▶ _REQUIREMENT_: The material below has pictures in it. Set down only the lines from the line containing "秋の遠足で天王寺動物園に行っ" through the line containing "Mammoth Pet Products", word for word, and leave the pictures behind.

▶ _TASK DATA_:
========================

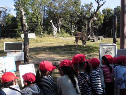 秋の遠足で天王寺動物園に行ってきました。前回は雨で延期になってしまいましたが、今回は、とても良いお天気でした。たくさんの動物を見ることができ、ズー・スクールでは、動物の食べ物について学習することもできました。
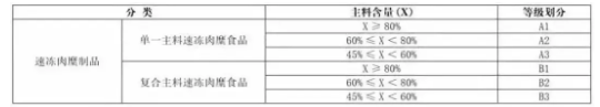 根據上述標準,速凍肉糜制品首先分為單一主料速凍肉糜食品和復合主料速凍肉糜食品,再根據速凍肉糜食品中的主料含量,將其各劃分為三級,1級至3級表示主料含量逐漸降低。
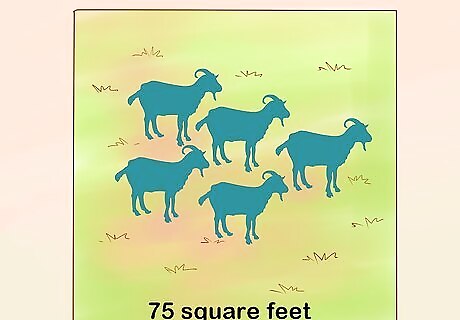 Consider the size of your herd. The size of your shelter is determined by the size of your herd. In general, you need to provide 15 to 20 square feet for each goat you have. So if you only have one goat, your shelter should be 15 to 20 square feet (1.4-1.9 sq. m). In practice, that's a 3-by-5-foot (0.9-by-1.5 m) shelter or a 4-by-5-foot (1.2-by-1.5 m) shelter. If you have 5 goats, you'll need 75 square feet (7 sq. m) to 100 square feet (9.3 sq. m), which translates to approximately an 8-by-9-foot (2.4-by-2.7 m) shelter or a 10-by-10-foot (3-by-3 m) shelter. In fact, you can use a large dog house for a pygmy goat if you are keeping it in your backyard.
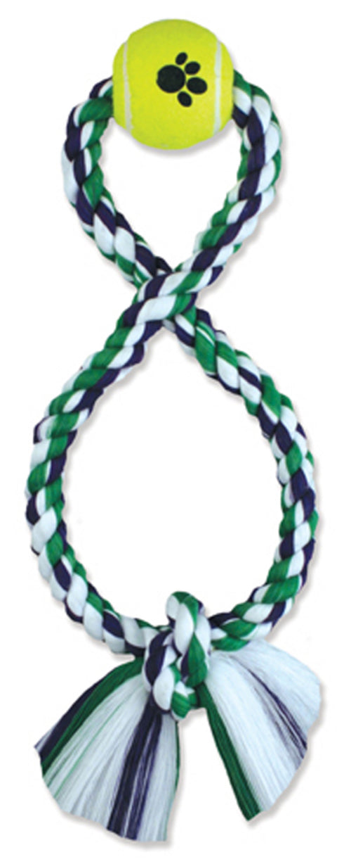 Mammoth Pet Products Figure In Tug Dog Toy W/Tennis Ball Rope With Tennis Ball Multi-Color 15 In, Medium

========================

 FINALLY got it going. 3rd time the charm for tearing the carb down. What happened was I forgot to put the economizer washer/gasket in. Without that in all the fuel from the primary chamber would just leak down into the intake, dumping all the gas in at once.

========================

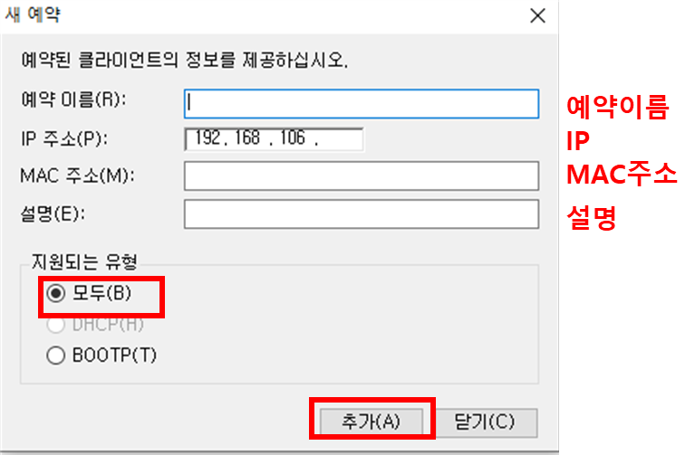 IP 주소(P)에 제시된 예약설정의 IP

========================

▶ _OUTPUT BELOW_:
 秋の遠足で天王寺動物園に行ってきました。前回は雨で延期になってしまいましたが、今回は、とても良いお天気でした。たくさんの動物を見ることができ、ズー・スクールでは、動物の食べ物について学習することもできました。
 根據上述標準,速凍肉糜制品首先分為單一主料速凍肉糜食品和復合主料速凍肉糜食品,再根據速凍肉糜食品中的主料含量,將其各劃分為三級,1級至3級表示主料含量逐漸降低。
 Consider the size of your herd. The size of your shelter is determined by the size of your herd. In general, you need to provide 15 to 20 square feet for each goat you have. So if you only have one goat, your shelter should be 15 to 20 square feet (1.4-1.9 sq. m). In practice, that's a 3-by-5-foot (0.9-by-1.5 m) shelter or a 4-by-5-foot (1.2-by-1.5 m) shelter. If you have 5 goats, you'll need 75 square feet (7 sq. m) to 100 square feet (9.3 sq. m), which translates to approximately an 8-by-9-foot (2.4-by-2.7 m) shelter or a 10-by-10-foot (3-by-3 m) shelter. In fact, you can use a large dog house for a pygmy goat if you are keeping it in your backyard.
 Mammoth Pet Products Figure In Tug Dog Toy W/Tennis Ball Rope With Tennis Ball Multi-Color 15 In, Medium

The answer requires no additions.